Rizal Ramli Nilai Rencana KIP Hingga Perguruan Tinggi Adalah Kebijakan Receh

Ekonom senior sekaligus mantan Menteri Koordinator Bidang Perekonomian, Rizal Ramli (kanan) saat acara diskusi di kawasan Tebet, Jakarta Selatan, Senin (25/2/2019).

DiamondNews, Jakarta – Dalam pidato politiknya di Sentul International Convention Center (SICC) pada Minggu (24/2/2019), Presiden Joko Widodo berjanji akan meneruskan kebijakan Kartu Indonesia Pintar (KIP) hingga ke jenjang Pendidikan Tinggi.

 

Rizal Ramli selaku ekonom senior dan mantan Menteri Koordinator Bidang Perekonomian menilai bahwa rencana tersebut sama sekali tidak tepat dan tidak akan menjadi solusi bagi masalah yang ada.

 

Menurutnya, permasalahan kualitas pendidikan di Indonesia saat ini bukan terletak pada jumlah anggarannya. Sebab, alokasi APBN untuk pendidikan anak bangsa sudah tergolong tinggi yakni mencapai Rp 440 Trilliun.

 

Jika anggaran pendidikan terus ditingkatkan, Rizal Ramli khawatir sampai kapan Indonesia akan bertahan mengingat biaya pendidikan dari tahun ke tahun cenderung semakin mahal.

 

“Jadi usul saya daripada cara-cara recehan seperti itu, lebih bagus kita berikan kita buat Undang Undang Land Grand untuk universitas negeri maupun swasta dan Undang Undang pembebasan pajak sehingga universitas kita makin lama makin kaya, membiayai riset sendiri, kasih beasiswa sama mahasiswanya serta dosen-dosennya lebih berani bersikap sebagai orang intelek. Bukan birokrat, bukan PNS yang ngomong apa aja takut. Jadi mohon maaf kami tidak setuju dengan cara-cara recehan kayak begitu.
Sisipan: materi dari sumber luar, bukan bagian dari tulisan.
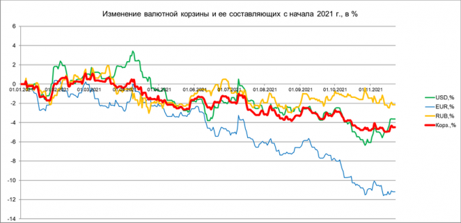 При этом валютная корзина, после недели снижения на позапрошлой пятидневке, выросла на минувшей неделе к белорусскому рублю на 0,49%. А это можно оценивать как умеренное снижение белорусского рубля. И можно сделать предположение, что белорусские предприятия, по крайней мере на прошедшей неделе, перешли к покупке валюты на чистой основе.

Tidak memecahkan masalah secara struktural dan jangka panjang,” ujar Rizal Ramli di kawasan Tebet, Jakarta Selatan, Senin (25/2/2019).

 

Sebelumnya, Presiden Joko Widodo memaparkan bahwa sebanyak 18,7 juta siswa telah mendapatkan Kartu Indonesia Pintar (KIP). KIP yang sekarang hanya sampai jenjang SMA dan SMK akan ditingkatkan sampai ke Perguruan Tinggi.

 

“Kemudian KIP yang sekarang ini hanya sampai di SMA atau SMK juga akan kita jadikan KIP kuliah. Artinya KIP kuliah ini akan dapat membantu biaya pendidikan. Membantu biaya pendidikan mulai dari anak usia dini sampai dengan kuliah,” tutur Presiden Jokowi di SICC, Minggu (24/2/2019).